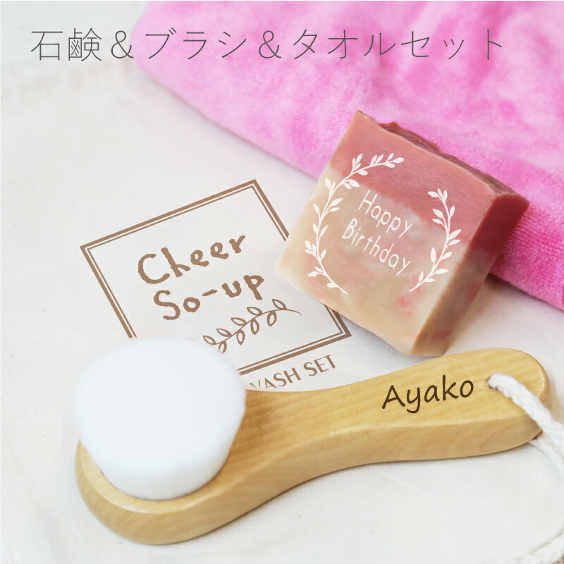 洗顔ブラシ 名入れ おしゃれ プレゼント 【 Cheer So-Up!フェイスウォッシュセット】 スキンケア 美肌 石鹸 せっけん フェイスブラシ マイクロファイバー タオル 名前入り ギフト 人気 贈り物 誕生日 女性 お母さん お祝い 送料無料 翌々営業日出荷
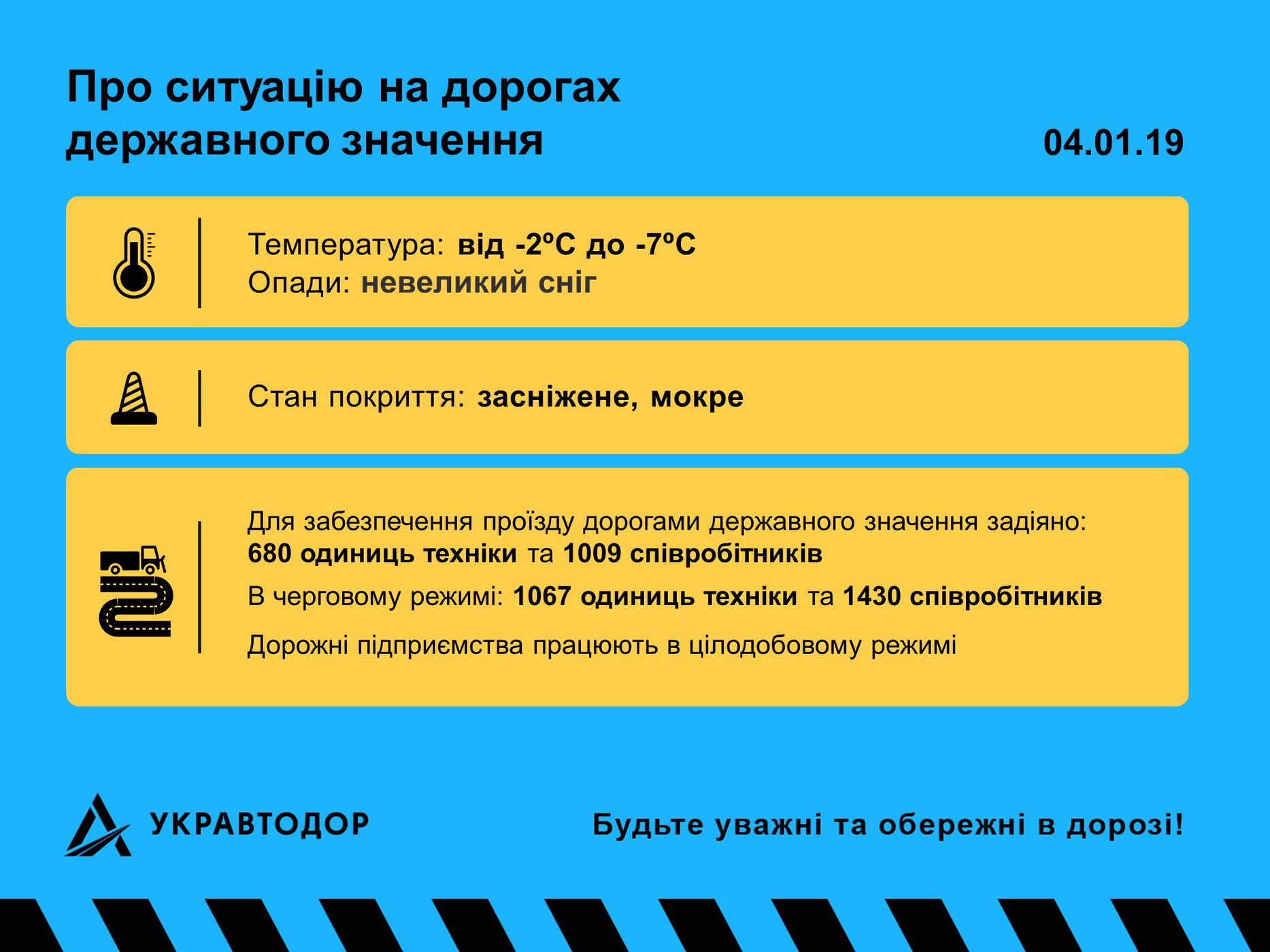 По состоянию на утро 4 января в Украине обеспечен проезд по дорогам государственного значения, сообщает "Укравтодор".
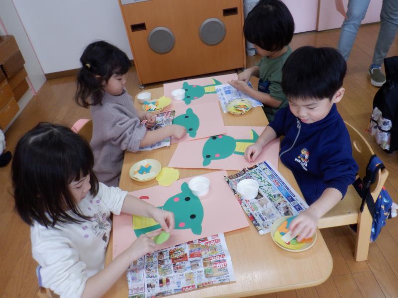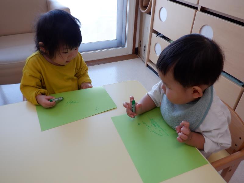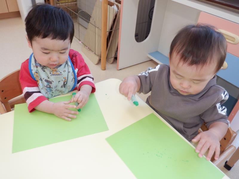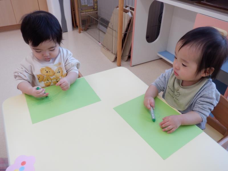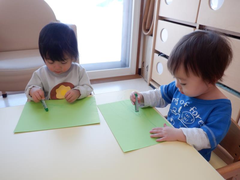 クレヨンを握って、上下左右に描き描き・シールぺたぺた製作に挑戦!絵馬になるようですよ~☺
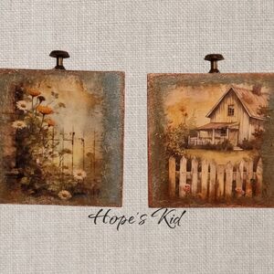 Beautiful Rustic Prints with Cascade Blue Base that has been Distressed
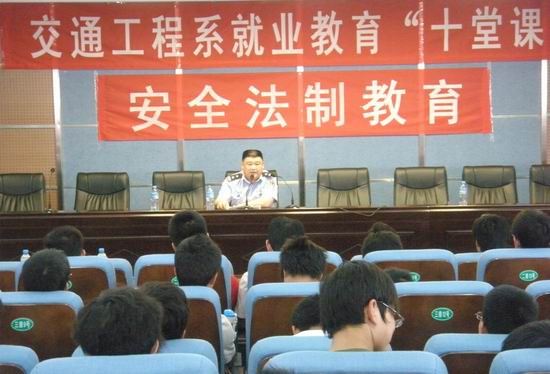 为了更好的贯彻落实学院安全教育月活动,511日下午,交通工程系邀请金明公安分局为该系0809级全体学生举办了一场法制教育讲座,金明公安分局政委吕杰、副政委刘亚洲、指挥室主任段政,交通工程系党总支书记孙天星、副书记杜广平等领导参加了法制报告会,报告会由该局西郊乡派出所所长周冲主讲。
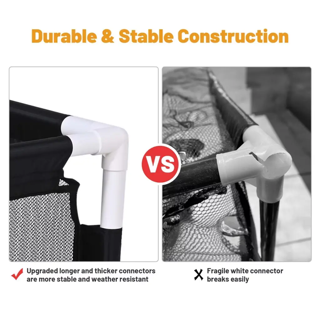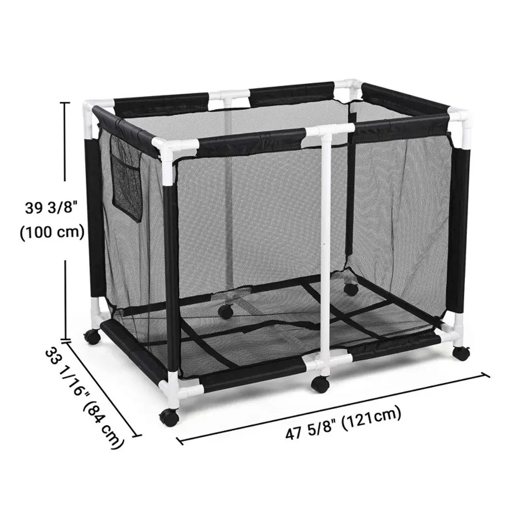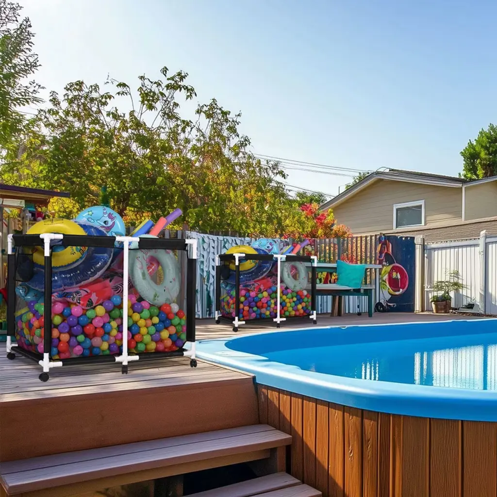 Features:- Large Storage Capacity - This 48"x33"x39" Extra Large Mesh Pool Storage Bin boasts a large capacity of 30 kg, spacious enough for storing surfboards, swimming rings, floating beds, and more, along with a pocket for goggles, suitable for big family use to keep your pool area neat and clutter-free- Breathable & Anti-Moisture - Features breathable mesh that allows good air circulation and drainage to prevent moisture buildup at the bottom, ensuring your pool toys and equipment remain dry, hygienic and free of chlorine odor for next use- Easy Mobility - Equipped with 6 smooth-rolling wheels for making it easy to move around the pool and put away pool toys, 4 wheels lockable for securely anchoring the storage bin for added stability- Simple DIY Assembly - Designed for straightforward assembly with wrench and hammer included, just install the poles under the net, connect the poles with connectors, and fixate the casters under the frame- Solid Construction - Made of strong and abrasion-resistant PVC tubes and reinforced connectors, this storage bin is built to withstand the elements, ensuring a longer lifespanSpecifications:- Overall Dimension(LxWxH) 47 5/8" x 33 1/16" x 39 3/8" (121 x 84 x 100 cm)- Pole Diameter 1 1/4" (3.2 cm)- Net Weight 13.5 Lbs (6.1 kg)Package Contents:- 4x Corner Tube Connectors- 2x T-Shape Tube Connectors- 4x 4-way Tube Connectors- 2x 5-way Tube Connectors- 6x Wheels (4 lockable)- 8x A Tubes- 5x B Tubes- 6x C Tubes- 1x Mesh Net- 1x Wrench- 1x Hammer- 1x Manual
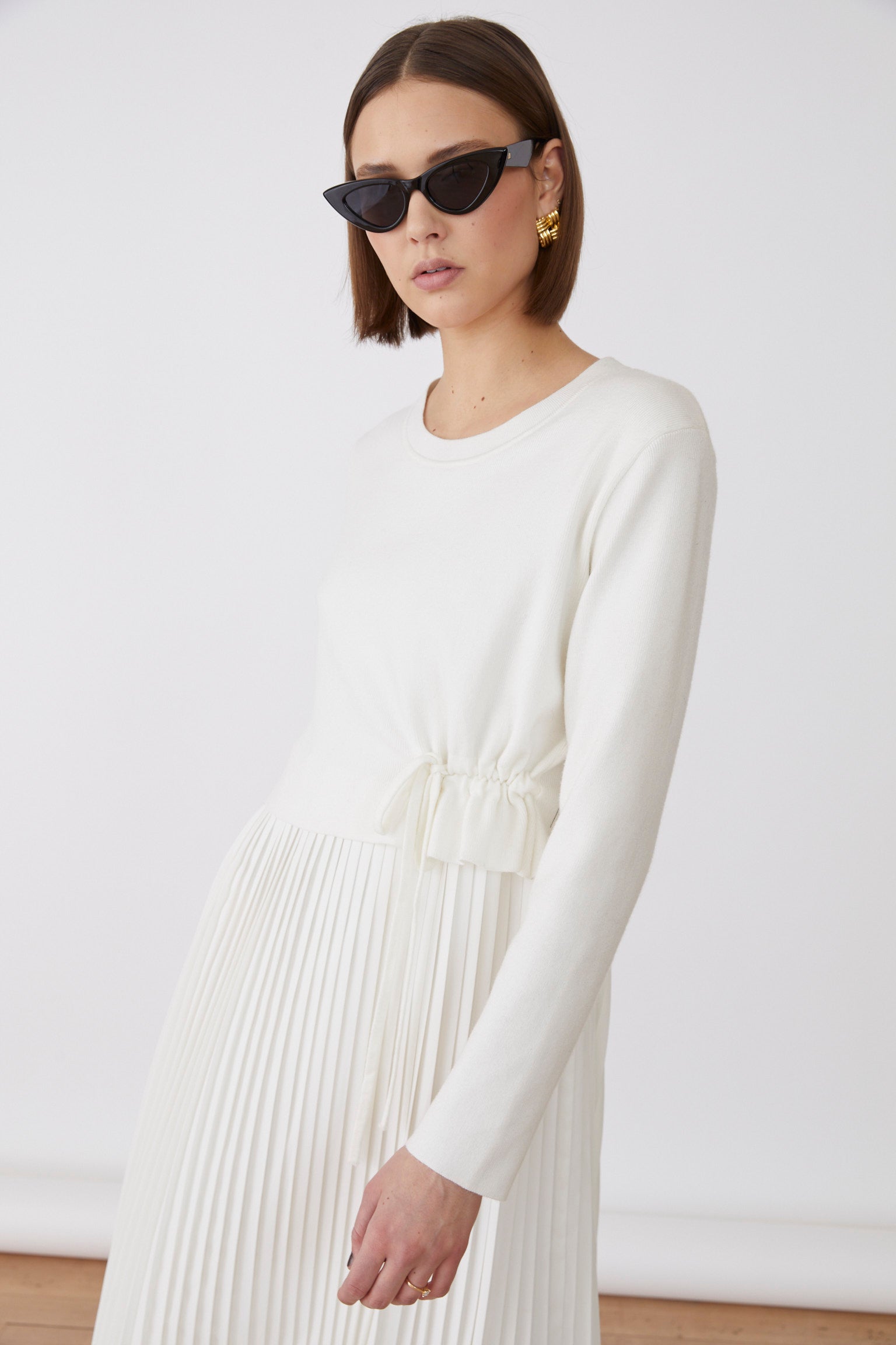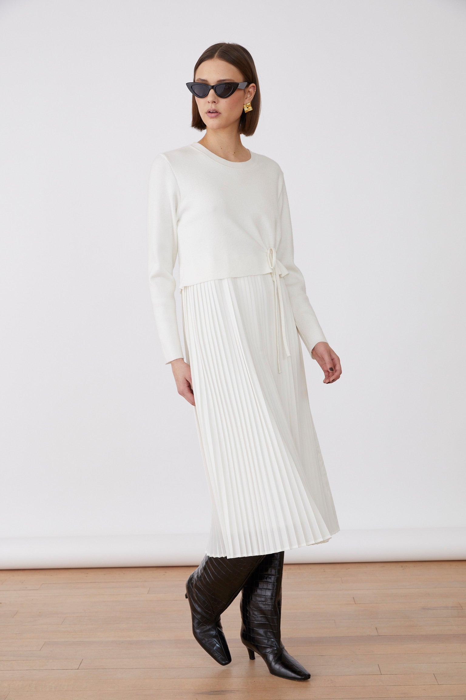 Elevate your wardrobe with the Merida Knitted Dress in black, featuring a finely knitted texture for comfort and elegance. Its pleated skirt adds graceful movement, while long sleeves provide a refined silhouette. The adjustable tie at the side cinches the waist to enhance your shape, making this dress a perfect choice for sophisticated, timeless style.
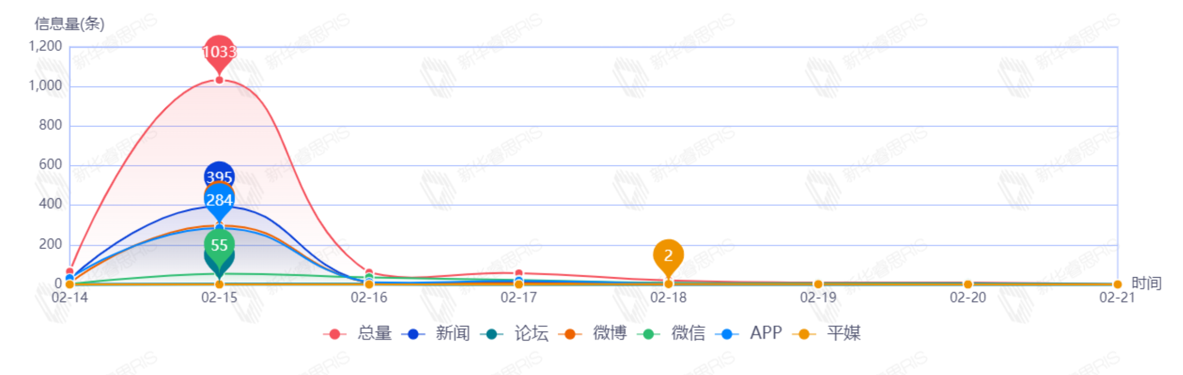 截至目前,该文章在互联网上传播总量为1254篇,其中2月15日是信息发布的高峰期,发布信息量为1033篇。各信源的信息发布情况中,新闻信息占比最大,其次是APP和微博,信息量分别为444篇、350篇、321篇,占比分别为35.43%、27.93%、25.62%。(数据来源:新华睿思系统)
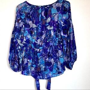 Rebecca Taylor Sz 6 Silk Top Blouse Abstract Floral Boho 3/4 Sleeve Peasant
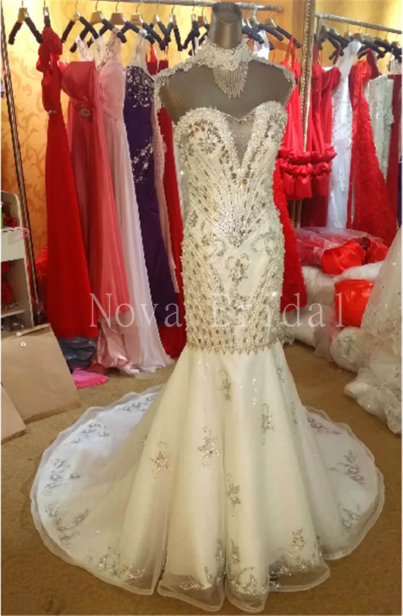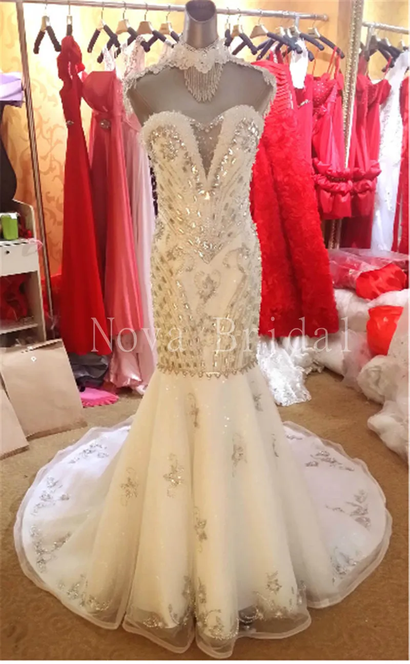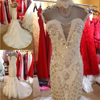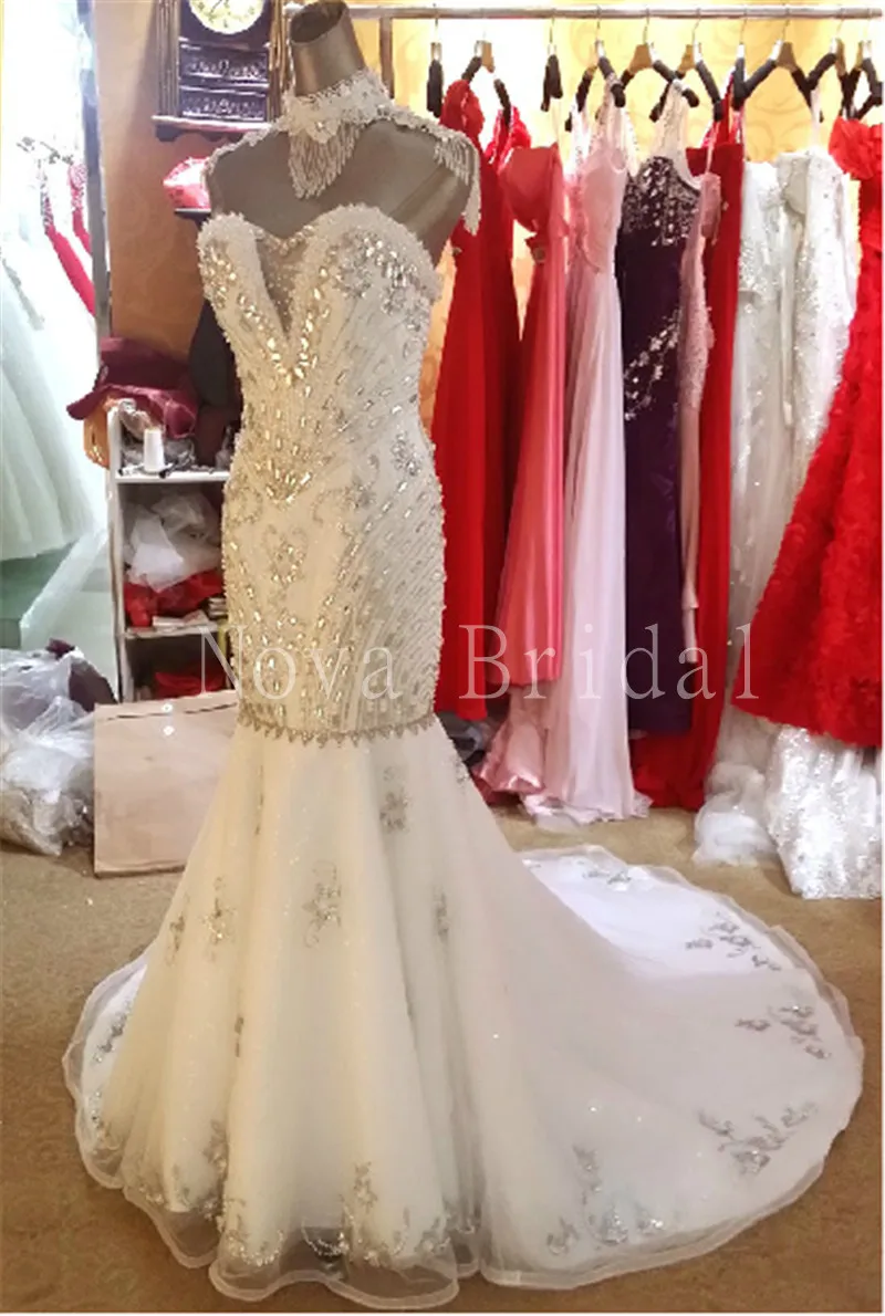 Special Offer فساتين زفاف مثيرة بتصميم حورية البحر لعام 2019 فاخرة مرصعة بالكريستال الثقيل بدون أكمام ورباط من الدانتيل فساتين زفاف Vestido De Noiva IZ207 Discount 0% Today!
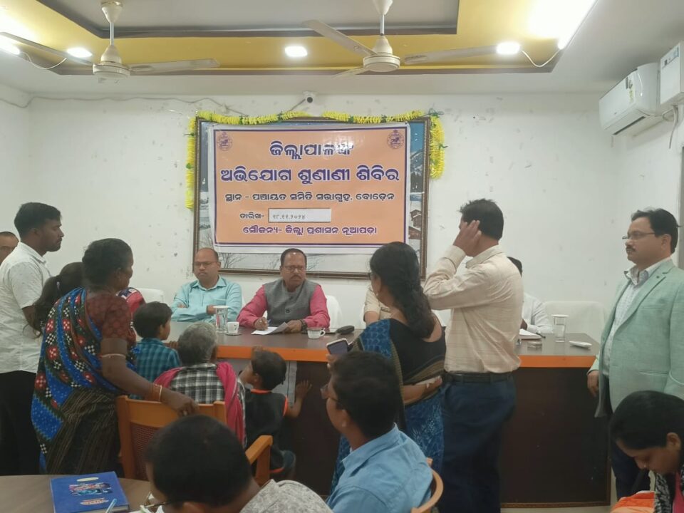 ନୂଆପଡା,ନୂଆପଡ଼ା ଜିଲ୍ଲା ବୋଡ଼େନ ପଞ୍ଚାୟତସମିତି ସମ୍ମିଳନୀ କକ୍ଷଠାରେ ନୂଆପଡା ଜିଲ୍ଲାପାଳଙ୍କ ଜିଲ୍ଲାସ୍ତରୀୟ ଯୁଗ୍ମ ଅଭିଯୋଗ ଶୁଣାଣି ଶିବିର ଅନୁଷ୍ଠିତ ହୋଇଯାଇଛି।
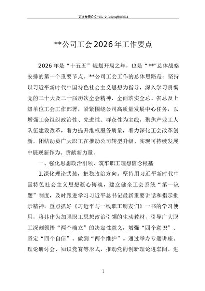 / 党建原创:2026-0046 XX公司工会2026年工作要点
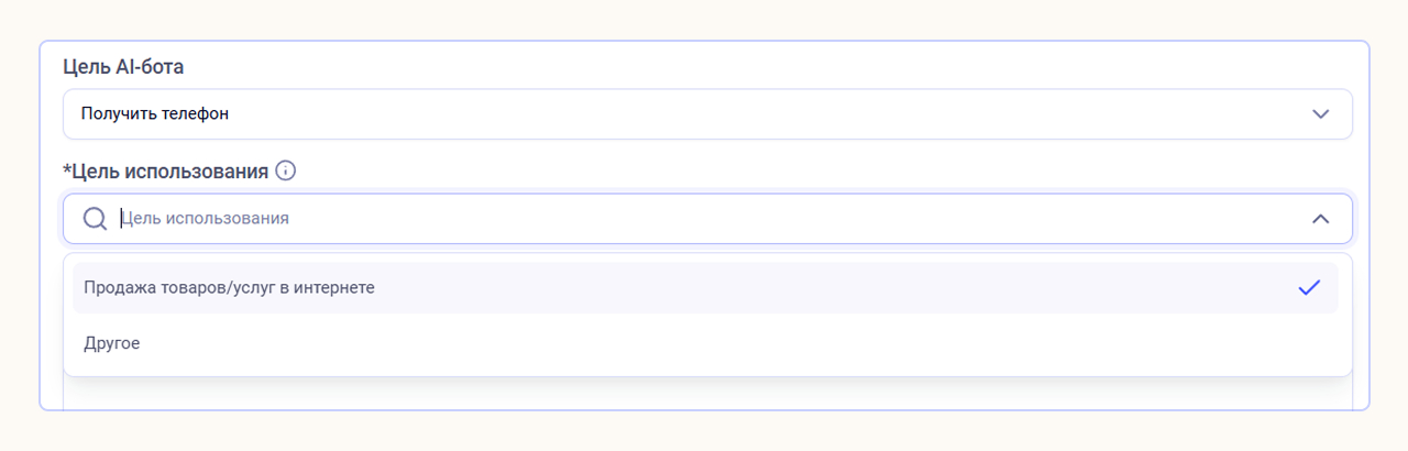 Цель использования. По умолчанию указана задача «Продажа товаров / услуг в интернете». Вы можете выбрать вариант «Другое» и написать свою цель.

-=-=-=-=-

Every entry is to be reproduced word for word, and no image is carried over.

 洗顔ブラシ 名入れ おしゃれ プレゼント 【 Cheer So-Up!フェイスウォッシュセット】 スキンケア 美肌 石鹸 せっけん フェイスブラシ マイクロファイバー タオル 名前入り ギフト 人気 贈り物 誕生日 女性 お母さん お祝い 送料無料 翌々営業日出荷
 По состоянию на утро 4 января в Украине обеспечен проезд по дорогам государственного значения, сообщает "Укравтодор".
 クレヨンを握って、上下左右に描き描き・シールぺたぺた製作に挑戦!絵馬になるようですよ~☺
 Beautiful Rustic Prints with Cascade Blue Base that has been Distressed
 为了更好的贯彻落实学院安全教育月活动,511日下午,交通工程系邀请金明公安分局为该系0809级全体学生举办了一场法制教育讲座,金明公安分局政委吕杰、副政委刘亚洲、指挥室主任段政,交通工程系党总支书记孙天星、副书记杜广平等领导参加了法制报告会,报告会由该局西郊乡派出所所长周冲主讲。
 Features:- Large Storage Capacity - This 48"x33"x39" Extra Large Mesh Pool Storage Bin boasts a large capacity of 30 kg, spacious enough for storing surfboards, swimming rings, floating beds, and more, along with a pocket for goggles, suitable for big family use to keep your pool area neat and clutter-free- Breathable & Anti-Moisture - Features breathable mesh that allows good air circulation and drainage to prevent moisture buildup at the bottom, ensuring your pool toys and equipment remain dry, hygienic and free of chlorine odor for next use- Easy Mobility - Equipped with 6 smooth-rolling wheels for making it easy to move around the pool and put away pool toys, 4 wheels lockable for securely anchoring the storage bin for added stability- Simple DIY Assembly - Designed for straightforward assembly with wrench and hammer included, just install the poles under the net, connect the poles with connectors, and fixate the casters under the frame- Solid Construction - Made of strong and abrasion-resistant PVC tubes and reinforced connectors, this storage bin is built to withstand the elements, ensuring a longer lifespanSpecifications:- Overall Dimension(LxWxH) 47 5/8" x 33 1/16" x 39 3/8" (121 x 84 x 100 cm)- Pole Diameter 1 1/4" (3.2 cm)- Net Weight 13.5 Lbs (6.1 kg)Package Contents:- 4x Corner Tube Connectors- 2x T-Shape Tube Connectors- 4x 4-way Tube Connectors- 2x 5-way Tube Connectors- 6x Wheels (4 lockable)- 8x A Tubes- 5x B Tubes- 6x C Tubes- 1x Mesh Net- 1x Wrench- 1x Hammer- 1x Manual
 Elevate your wardrobe with the Merida Knitted Dress in black, featuring a finely knitted texture for comfort and elegance. Its pleated skirt adds graceful movement, while long sleeves provide a refined silhouette. The adjustable tie at the side cinches the waist to enhance your shape, making this dress a perfect choice for sophisticated, timeless style.
 截至目前,该文章在互联网上传播总量为1254篇,其中2月15日是信息发布的高峰期,发布信息量为1033篇。各信源的信息发布情况中,新闻信息占比最大,其次是APP和微博,信息量分别为444篇、350篇、321篇,占比分别为35.43%、27.93%、25.62%。(数据来源:新华睿思系统)
 Rebecca Taylor Sz 6 Silk Top Blouse Abstract Floral Boho 3/4 Sleeve Peasant
 Special Offer فساتين زفاف مثيرة بتصميم حورية البحر لعام 2019 فاخرة مرصعة بالكريستال الثقيل بدون أكمام ورباط من الدانتيل فساتين زفاف Vestido De Noiva IZ207 Discount 0% Today!
 ନୂଆପଡା,ନୂଆପଡ଼ା ଜିଲ୍ଲା ବୋଡ଼େନ ପଞ୍ଚାୟତସମିତି ସମ୍ମିଳନୀ କକ୍ଷଠାରେ ନୂଆପଡା ଜିଲ୍ଲାପାଳଙ୍କ ଜିଲ୍ଲାସ୍ତରୀୟ ଯୁଗ୍ମ ଅଭିଯୋଗ ଶୁଣାଣି ଶିବିର ଅନୁଷ୍ଠିତ ହୋଇଯାଇଛି।
 / 党建原创:2026-0046 XX公司工会2026年工作要点
 Цель использования. По умолчанию указана задача «Продажа товаров / услуг в интернете». Вы можете выбрать вариант «Другое» и написать свою цель.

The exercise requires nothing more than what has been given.